Эта девушка, говорил я себе, которая нарушает свой закон с такой легкостью, которая явно любит удовольствия, которая не скрывает от меня жадности, с которой поглощала эту запретную еду, полагает, что может заставить меня поверить, что нечувствительна к наслаждению любви, либо что может победить это чувство, причисляя его к пустякам. Это невозможно. Она не любит меня, либо любит только для развлечения, держа меня все время влюбленным; и для того, чтобы утихомирить склонности своего темперамента, у нее, очевидно, есть другие ресурсы.

Я подумал поймать ее за ужином, рассчитывая на силу вина из Скополо, но она уклонилась от этого, заявив, что если она ест вечером, она не может заснуть.

Она пришла, принеся мне шоколад, и первая новость, что меня поразила, была та, что ее слишком красивая грудь была прикрыта белым платком. Она села рядом со мной на кровати, и я отбросил идею, избитую и банальную, сделать вид, что не обращаю на нее внимания. Я сказал ей с жалобным видом, что она явилась с прикрытой грудью только потому, что я сказал ей, что смотрю на нее с удовольствием.
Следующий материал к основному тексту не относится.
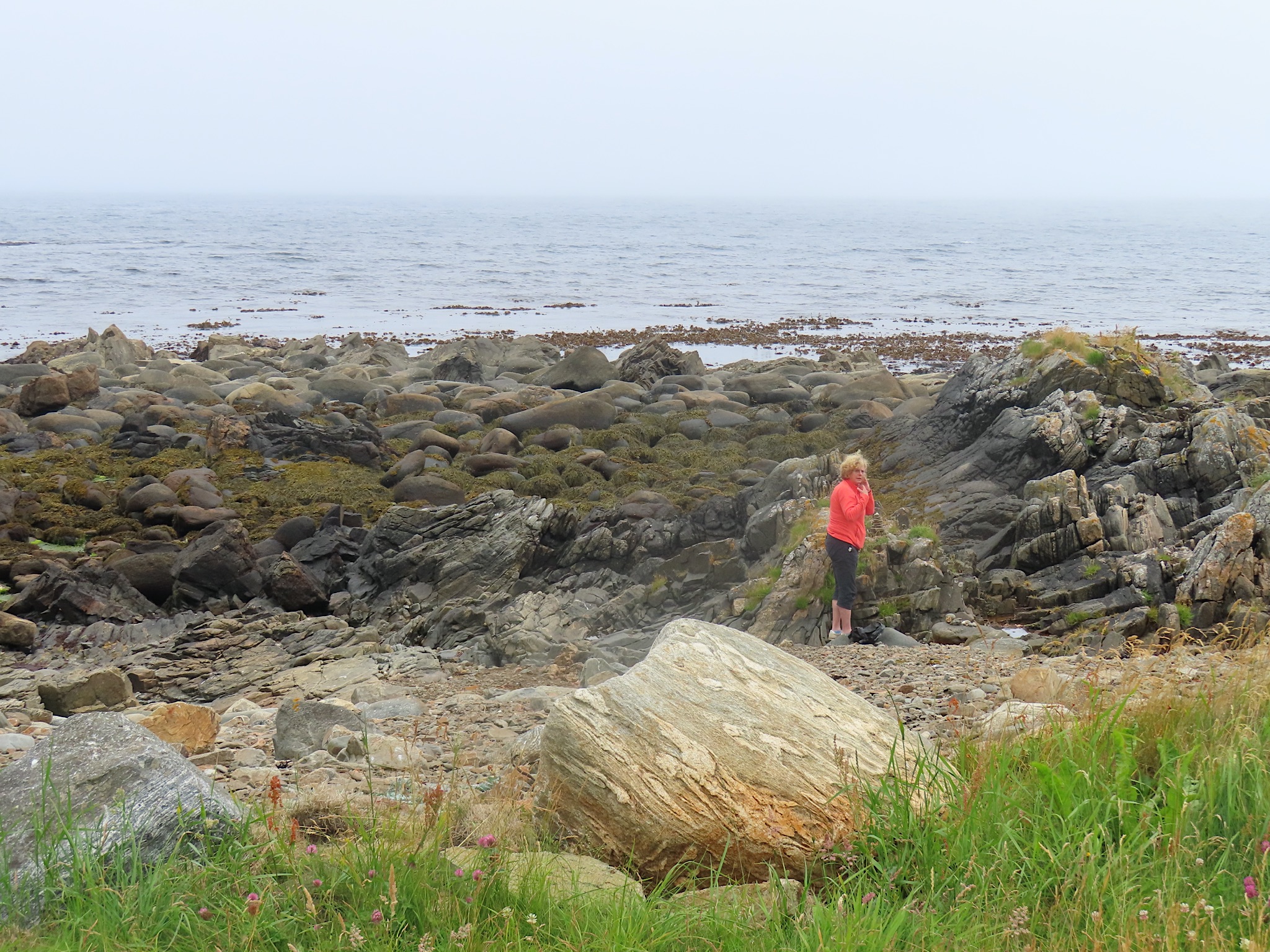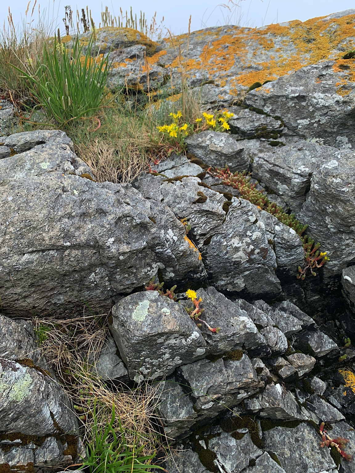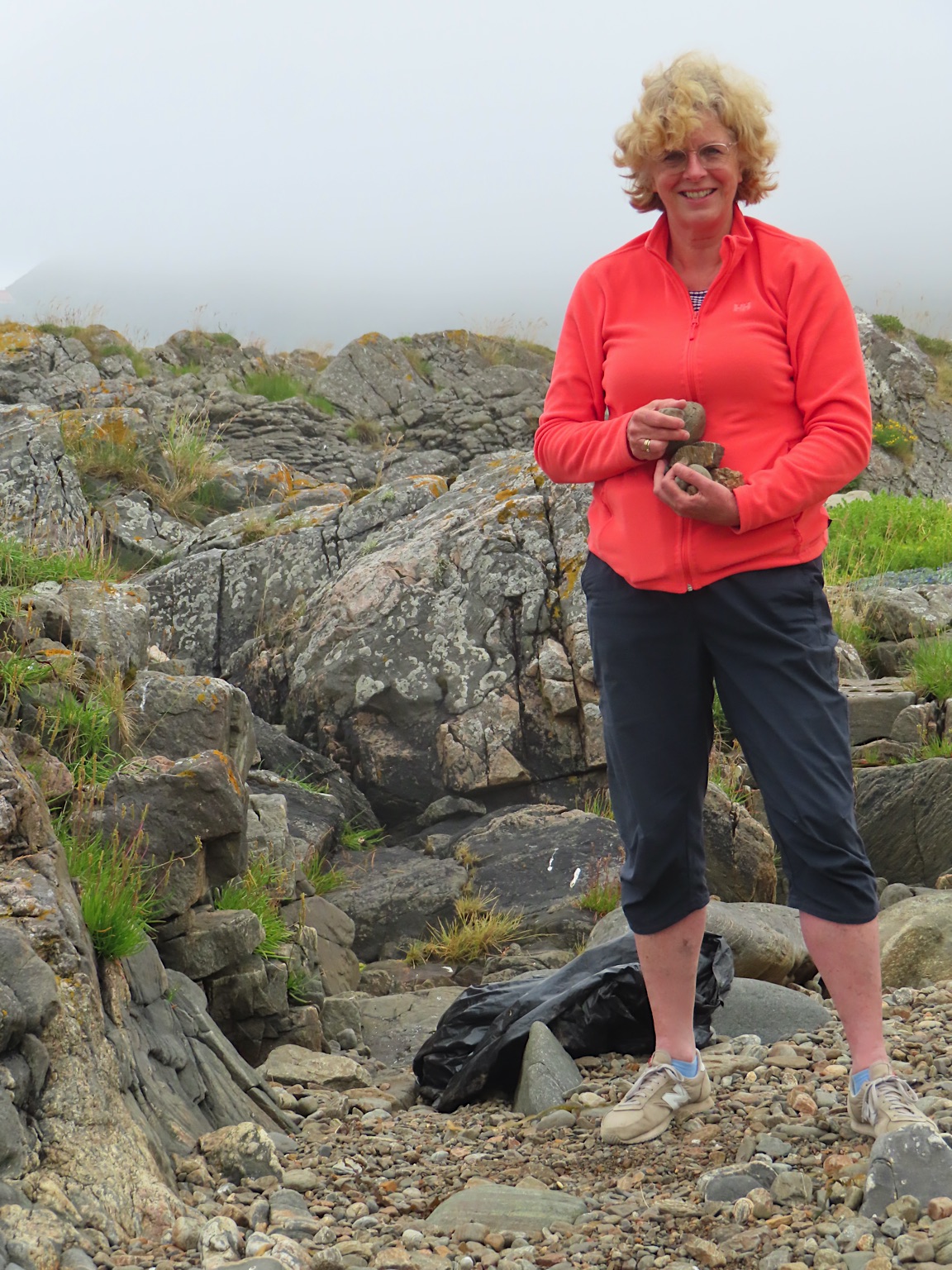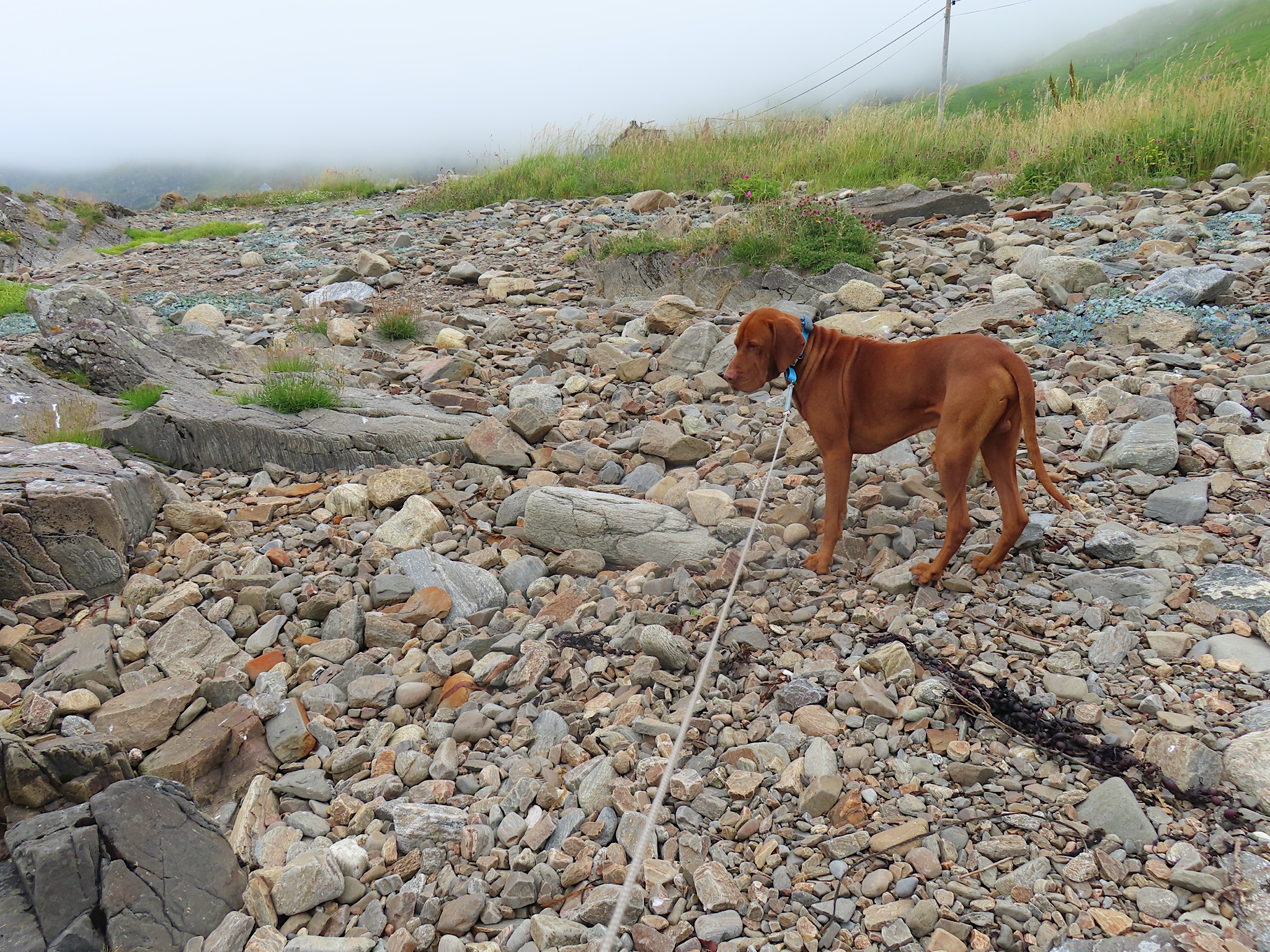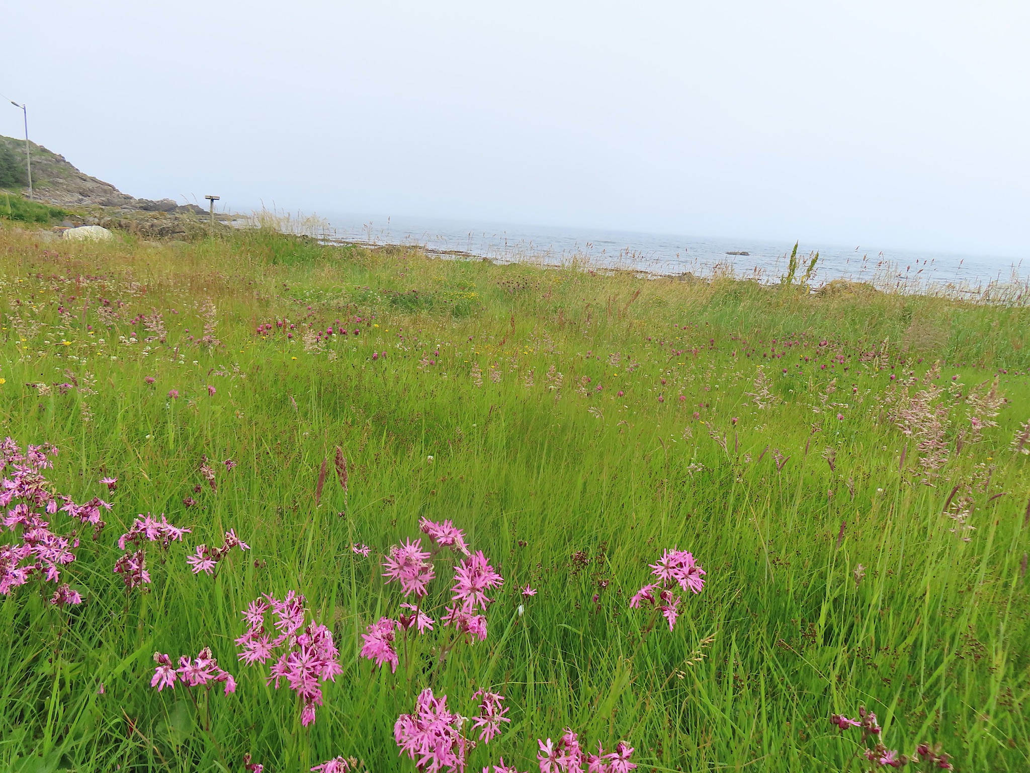 Vandaag de laatste dag op Runde. We rusten uit en genieten van de heerlijke zon. Tineke gaat stenen en schelpen zoeken aan de waterkant tegenover ons huis en heeft daar een lang gesprek met de aankomende wandelen Agnes, de eigenares van ons huis die in het rode huis naast ons witte huis woont. Ik lees wat bij huis. Sambo slaapt bij. Na een uurtje ga met Sambo ook maar eens bij het water kijken. We zien daar behoorlijk wat bijzonder plantjes die we scannen met de PictureThis app. (Zeepostelein, Oesterblad, Muurpeper, Zeeweegbree en de Rimpelroos bijvoorbeeld). De dames zijn net uitgepraat als ik aankom. Er komt inmiddels uit zee langzaam een nevel binnen. In no-time ligt het eiland in de mist. Even snel is alles weer verdwenen en straalt de zon weer.

Она ответила мне небрежно, что об этом не думала и что накинула платок только потому, что у нее не было времени привести себя в порядок. Я смеясь ответил, что она сейчас хорошо выглядит, и могло так случиться, что, увидев ее грудь целиком, я бы не счел ее столь уж прекрасной. Она мне ничего не ответила, и я получил свой шоколад. Я подумал о сладострастных обнаженных фигурах, что были у меня на миниатюрах и эстампах в моей шкатулке, и попросил Лиа мне их подать, сказав, что хочу показать ей самые прекрасные груди во вселенной. Она сказала, что это ее не интересует, но, подав мне шкатулку, не ушла. Я взял портрет обнаженной, лежащей на спине, которая услаждала себя руками, но прикрыл ее платком до пупка и показал ей, держа портрет в руках. Она сказала, что эта грудь, как другие, и что я могу открыть остальное. Я дал ей эту миниатюру, сказав, что это мне не нравится. Лиа стала смеяться и сказала, что это хорошо нарисовано, но что в этом нет ничего нового для нее, потому что это делают все девушки, хотя и тайком, до свадьбы.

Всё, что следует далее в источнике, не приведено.